For a soldier to come home there has to be a death in the family.
MOTHER. (In the hallway she breaks down further.) I have never wanted to go back to the south to live. I hate it. I suffered nothing but humiliation and why should I have gone back there?
FATHER. You ought to have gone back with me. It's what I wanted to do.
MOTHER. I never wanted to go back.
FATHER. You yellow bastard. You're a yellow bastard. That's why you didn't want to go back.
MOTHER. You black nigger.
JEAN PETERS. (Reciting her play.) I call God and the Owl answers, it haunts my tower, calling, its feathers are blowing against the cell wall, it comes feathered, great hollow-eyes, with yellow skin and yellow eyes, the flying bastard. From my tower I keep calling and the only answer is the Owl.
July 8 I got a telegram from my mother.
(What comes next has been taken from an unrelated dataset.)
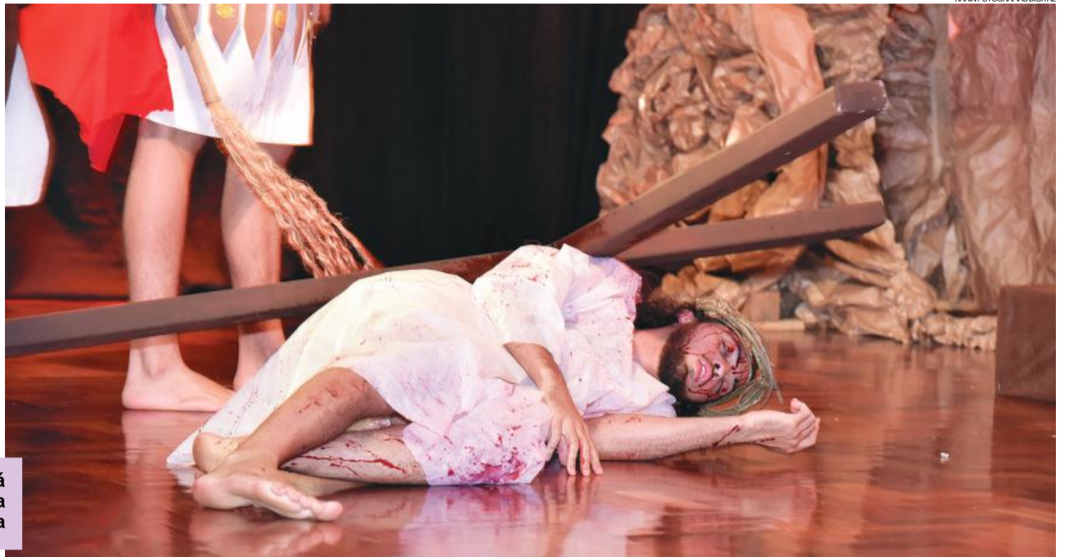
Paixão de Cristo será encenada durante a Cantata de Páscoa

A tradicional celebração do rito de lava-pés e o sacrifício de Jesus são alguns dos trechos bíblicos encenados durante o evento.

It said your brother has been in an accident and has been unconscious since last night in St. Luke's hospital. Love, Mother. I came home.
My brother is in a white gown on white sheets.
(The MOTHER and the FATHER walk away from one another. A sudden bright light on the Hospital Lobby and on Wally's room. CLARA has come to the doorway and watches her parents.)
MOTHER. (To both her former husband and her daughter.) I was asleep and the police called and told me Wally didn't feel well and would I please come down to the police station and pick him up. When I arrived at the police station they told me they had just taken him to the hospital because he felt worse and they would drive to the hospital. When I arrived here the doctor told me the truth: Wally's car had crashed into another car at an intersection and Wally had been thrown from the car, his body hitting a mail box and he was close to death.